The litters were homogenized for 5–6 males: 3–2 females. The sex was judged according to whether the ano-genital distance was less (female) or greater than (male) around 2.5 mm. The daily records of weight and food (7 h–9 h) allowed to calculate body weight gain, food intake and energy efficiency of dams, energy and protein intake during gestation and lactation. At Day-21, the offspring were weaned and received commercial diet for rodents (Standard diet AO4 16% protein; 4% fibers; 5% minerals and vitamins; 12% humidity and 60% glucides; 2.9 Kcal/g°) until the end of experiments.

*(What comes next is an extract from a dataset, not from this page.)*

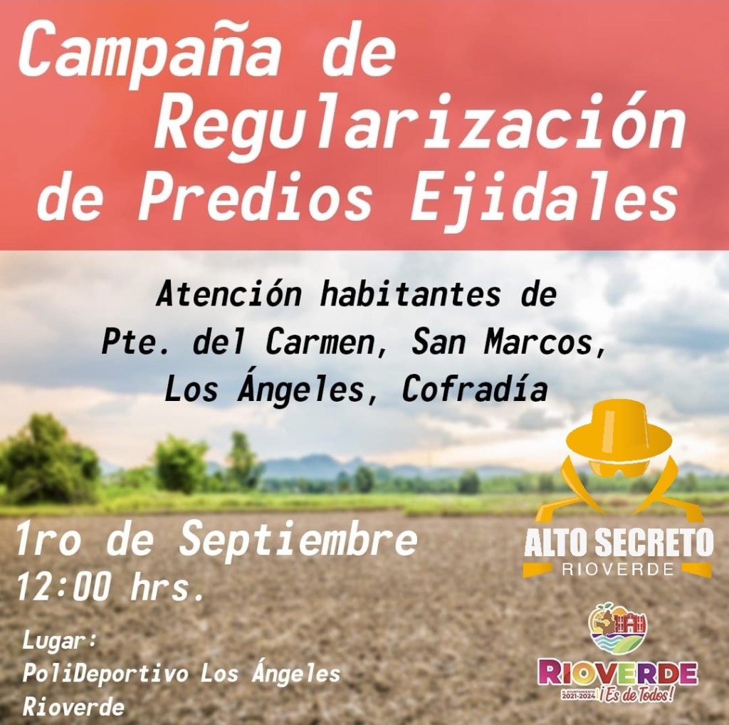 Próximo 1 de Septiembre en polideportivo Los Ángeles en Rioverde, reunión para regularización de predios!!!…

Beside neurophysiological consideration [20], we had chosen Day-12 as the first day allowing pup’s oral gavage in Wistar rat; this first day may be different with other rat strains. From Day-12 to Day-21, every pup was administered one hour before lights off with a single bolus either of L-tryptophan (125 mg/kg; BioUltra, #93659, Sigma, France) or similar volume of vehicle saline solution (NaCl) by gavage needle. Experimental groups were abbreviated either low protein tryptophan (LPT) and low-protein saline (LPS) or control tryptophan (CTT); control saline (CTS);. Prior to bolus administration, pups were weighed to calculate the exact injection volume to be administered.

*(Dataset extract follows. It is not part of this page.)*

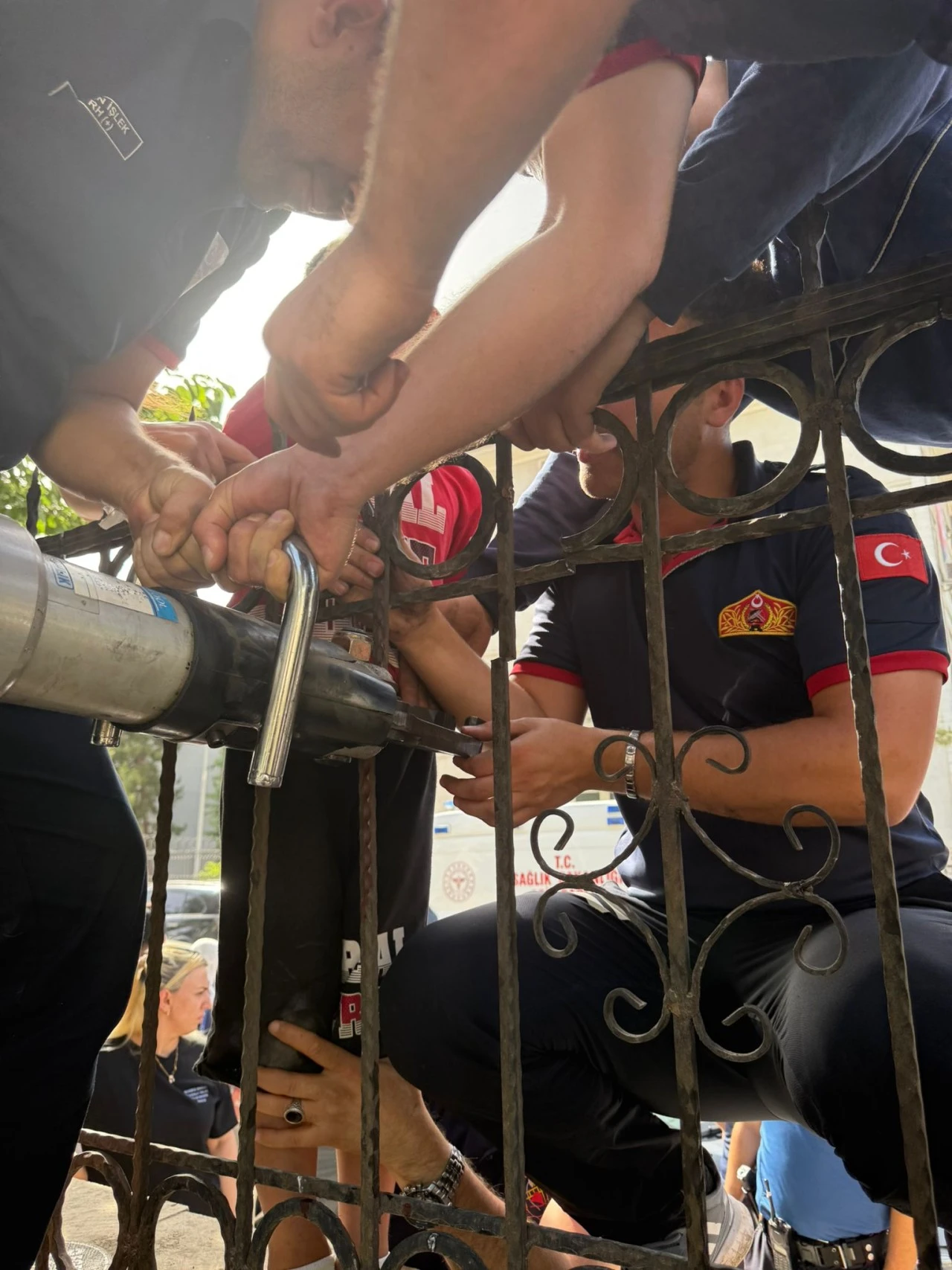 Çevredekilerin ihbarı üzerine olay yerine sevk edilen itfaiye ekipleri, korkuluk demirini kesti.

Measurement of Food Intake

Pups aged 28–30 days were housed individually in metabolic cages (Charles River). Standard laboratory chow (SAFE, Augy, France), presented in powder form, was available ad libitum from a hopper recessed in to the front wall of the cage eliminating fouling of the food with urine and feces. Access to food was restricted to a horizontal slot in the hopper that allowed the rat to eat but not to remove the food. A hollow in the front portion of the hopper retained any food spilled out from the hopper. Water was dispensed from a bottle fixed to the front wall. After a habituation period of 7 days, during which the animals attained a stable pattern of feeding, food intake was monitored every 4 h for the next 3 consecutive days.

Total Blood D-glucose

Rats aged 40–50 days and 110–120 days were sampled at the tail of one blood drop to determine the total blood glucose by Accu Chek® Active (Roche-Diagnostics GmbH, Mannheim, Germany).

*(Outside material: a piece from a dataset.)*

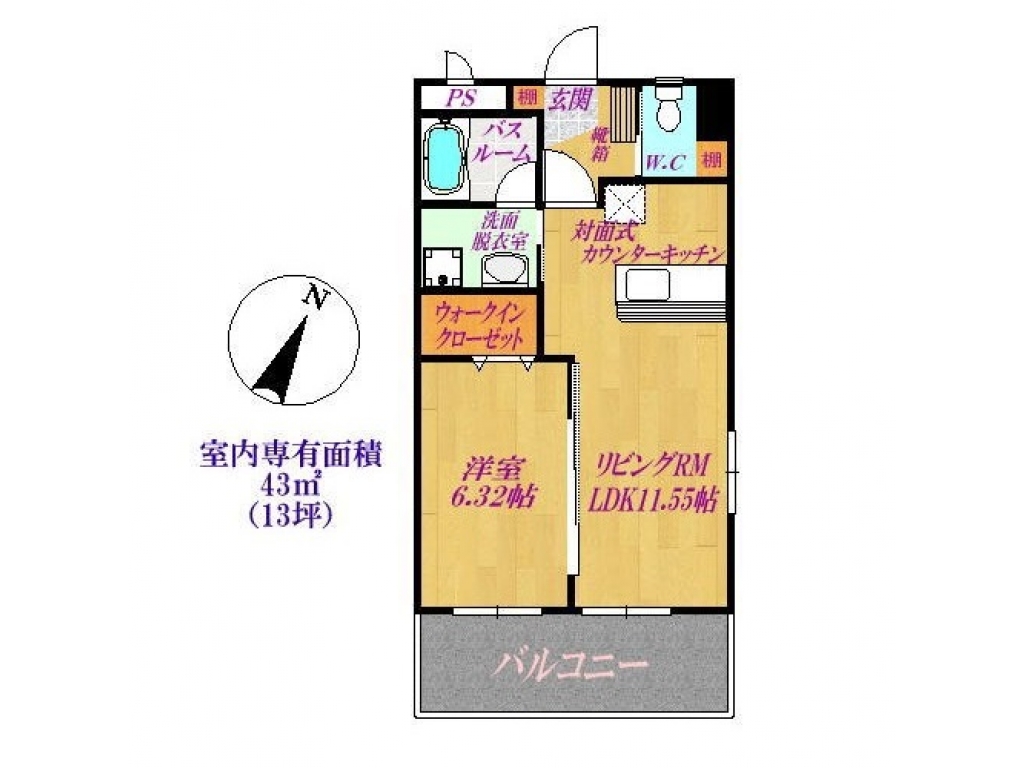 | 間取り | 1LDK (洋6.3・LDK11.5) | 専有面積 | 43㎡ |

Biocollection of Primary Cell Lines

Rats aged between 45–55 days and 110–130 days, were aseptically sampled at the tip of the tail (1 mg tissue) at the end of the blood sampling cycle. The primary cells established between 45–55 days will be referred as « young » or “50” days and the cells established between 110–130 days will be referred as “adult” or « 120 days ». The young phase was chosen because it corresponds to the “hyperphagic” phase of undernourished rat pups described by all authors in the field [30]. The adult phase was chosen according to the average mating age of male rat (between 56 and 70 days) and well before the onset of obesity which is described to occur at 17 months [31]. The biopsy was briefly exposed to Javelle water, rinsed twice in a large volume of phosphate-buffered saline solution before exposure to Trypsin-EDTA during 15 min at 37°C. Cellular aggregates were mechanically disaggregated by vigorous pipetting (20 times). Cellular suspensions were layered on top of a cushion of 3 ml DMEM +20% fetal calf serum and centrifuged at 1,300×g for 3 min at room temperature. The cellular pellet was resuspended in 10 ml DMEM medium +10% fetal calf serum, amphotericin-B (1/1000) and gentamicin (100 µg/50 ml) and inoculated in 25 cm2 flask (Nunc®) in an humidified incubator (37°C, 5% CO2). Within three to five days, colonies of active cells were seen. In flask inoculated with fast-growing cells, confluency was reached within a week. Cells were resuspended by trypsinization and used to prepare a cryotube (in 95% fetal calf serum with 5% DMSO, stored in a Nalgen box before being kept permanently at −70°C), and to inoculate tissue culture dishes (LabTek, P-96 or 25 cm2 flask).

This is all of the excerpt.